Director: Russell Mulcahy
Writer: Richard Christian Matheson
Cast: Brion James, Michelle Johnson, Billy Wirth, John Kassir, Dan Martin, Alan Palo, and Tony Pierce
Composer: Brian May
Air Date: 8/7/1991
Having recently married Steve Dixon (Brion James), the hot-tempered manager of a lumber camp, waitress Liz (Michelle Johnson) remains unable to alleviate her perpetual boredom. When Ted—a handsome and physically fit contestant in a local woodcutting competition—arrives at the camp, Liz plays a dangerous game of seduction in order to entertain herself.
By employing one-dimensional characters in conjunction with cartoonish dialogue, “Split Second” earns its reputation as the quintessential Tales from the Crypt episode. Also worth praising, a brutal but satisfying twist in the final scene will appeal to those with a compelling desire for justice.
Upon perceiving another man’s challenge for the affections of his wife, Steve responds by erupting into animalistic fits of rage—a suitable complement to the visage of Brion James, whose primitive yet formidable features resemble those of a typical caveman drawing.

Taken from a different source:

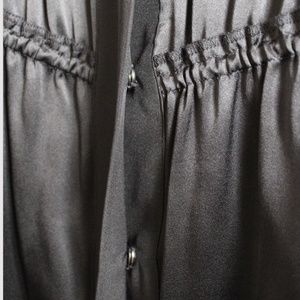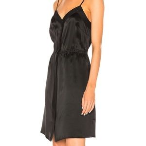 ATM Anthony Thomas Melillio Cami Dress in black. Size Small. 100% silk. Made in China. Dry clean only. Unlined. Adjustable shoulder straps. Hidden button front closures. Elastic waist. Side slit pockets.

The performance of James will thus evoke a primal sense of terror from viewers of a sensitive nature, especially when coupled with the inarticulate, partially slurred accusations made by Steve following his transformation into a raving lunatic. (The absence of a sympathetic and fully developed protagonist may, however, prevent the audience from caring about the severe threat posed by Steve.)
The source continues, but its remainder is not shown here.